We have had a lot of death, in the family, in the last couple years. My brother Bruce, his wife, Arlene. My brother Garth. And then Donna, the woman I was previously married to, and Mother of my first four children. In a way, Donna and I grew up together, we shared that time of life when people evolve from 'young people' to adults. It is a time of many changes. I was reminded of her Sunday. I was reading the obituaries and I noted and old friend died, who we knew, when we were all in our late twenties and early thirties. My first thought was to e-mail Donna and share the news. Then, I realized, there are very few people left that shared that time space.
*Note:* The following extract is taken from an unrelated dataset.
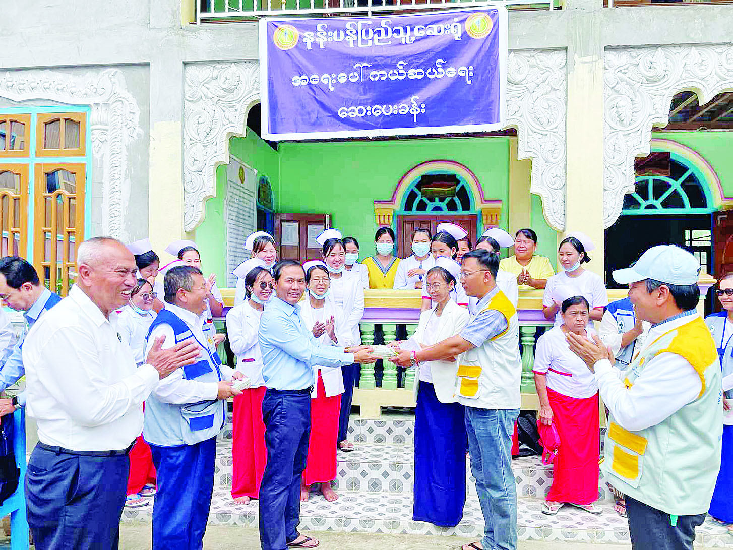 မွန်းလွဲပိုင်းတွင် ညောင်ရွှေမြို့ ရွှေရေကျဘုန်းတော်ကြီးကျောင်း၌ စဝ်စံထွန်းပြည်သူ့ဆေးရုံကြီးနှင့် အမျိုးသမီးနှင့် ကလေးဆေးရုံကြီး၊ တောင်ကြီးမြို့တို့မှ သမားတော်၊ စိတ်ကျန်းမာ၊ ကလေး၊ သားဖွားမီးယပ်အထူးကုဆရာဝန်များ ပါဝင်သောအဖွဲ့မှ အထူးကုကွင်းဆင်းကုသနေမှုများကို ကြည့်ရှု အားပေးသည်။
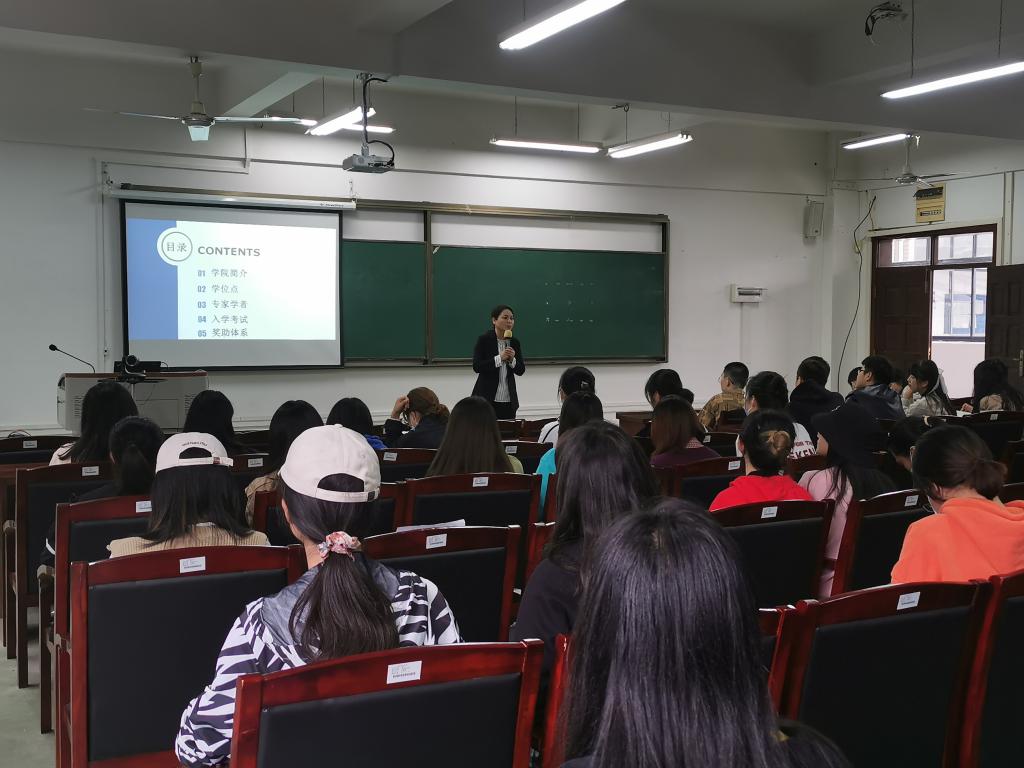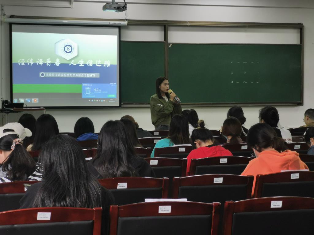 专业教师陆雪芹以“经纬译青春,人生信达雅”为主题,从学院简介、学位点、专家学者、入学考试、资助体系五个方面,向在场同学们详细介绍了本院MTI。

I am not sad about it. It's okay. I don't think, of death of the body, as a real thing. We inhabit bodies for a short time and then go on to new adventures. The person that dies certainly doesn't care, I am sure it is a very freeing experience. We, who are left here, however, can be greatly disturbed. We may not have the personal assurance that death is not real. We may interpret it as the end of the person [spirit] as well as the body; and even if we have the faith that death is not real, we just miss them.

Right now, for me, it reminds me of the fleetingness of life. Like the Summer that has flown by, my life is also.

I don't feel that I am going to die soon. I wonder, does anybody? I really have a hard time imagining that I am close to the portal. I don't feel like I am in my 83rd year and I have much experiencing left to do. Besides, I don't want to leave until I see the new world, created with love, firmly entrenched upon this beautiful Earth.

So, we have more work to do! Or more shining of Love and Light!

Is this a strange blog?

Friday I will talk more about Healing/Learning Centers.